The findings of this step needed to be tested on whether there is a significant relationship between this defined role models of culture named the M&A enhancing and the non-enhancing one. Before testing this relationship in a multivariate regression model, a supervised learning classifier was used to label the whole dataset based on to which group of culture a statement belongs. The result of this project was that at first, corporate culture had a significant impact on the creation of successful M&A transactions. Furthermore, the role models produced regression models with R2 of over 40% .
The biggest advantage of text mining is that it can be used to analyze actual existing data without designing a special survey that needs to be sent out and where a min number of responses needs to be collected. In contrast, most textual data in organizations but also in our daily life gets produced with a different purpose. This means that it reflects much more the reality and is less biased than a specially designed survey. Surveys are generally quite expensive and specially designed for one purpose. Furthermore, the respondent gets influenced by the person who asks the questionnaire and does not necessarily know directly what to answer. Many studies rely therefore on low data quality which makes the studies less reliable. Now when it comes to the text mining approach, no new data needs to be produced. The method aims to analyze the existing data that was produced along another purpose in the real world. This means that analyzing this corpus of real-world produced data would present a much more realistic picture of the reality since it is not artificially produced just for the research purpose.

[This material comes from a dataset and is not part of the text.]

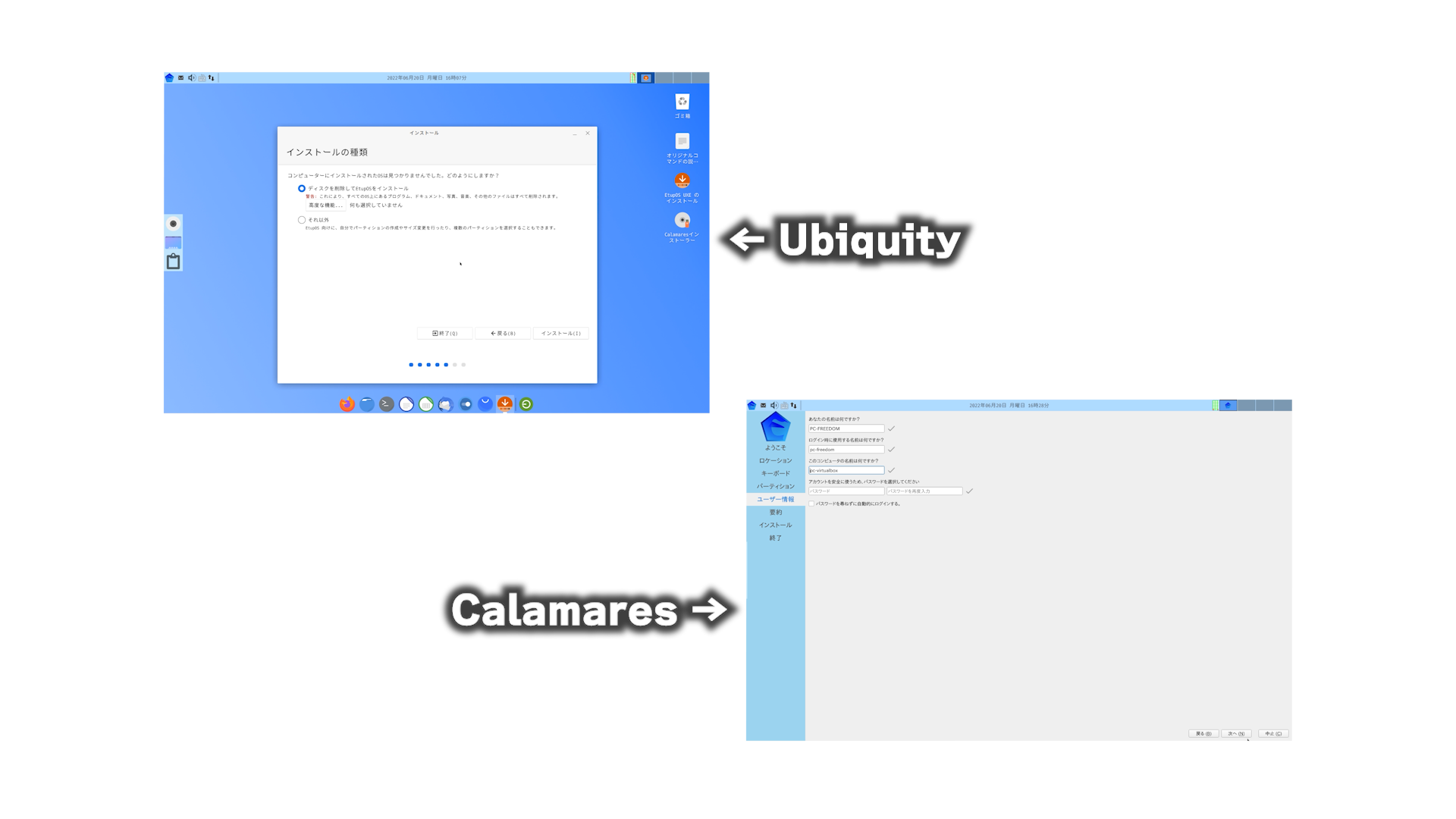 Ubuntu 系の定番インストーラー Ubiquity と、人気の高いインストーラー Calamares です。

With this, text analysis takes qualitative research one step closer to the sort of research that is done till now in data-heavy disciplines like finance but also in other disciplines where measurement of phenomena is usual.
This approach creates, in addition, the possibility to run such analysis on a regular base. Since the data does not need to be collected and the analysis steps can be automated, it is possible to analyze changes in the perceived corporate culture or leadership style. This might help researchers but also decision makers to better understand this complex field of leadership and management. Having this two main arguments in mind, there can be seen more and more applications of text analytics in the business field.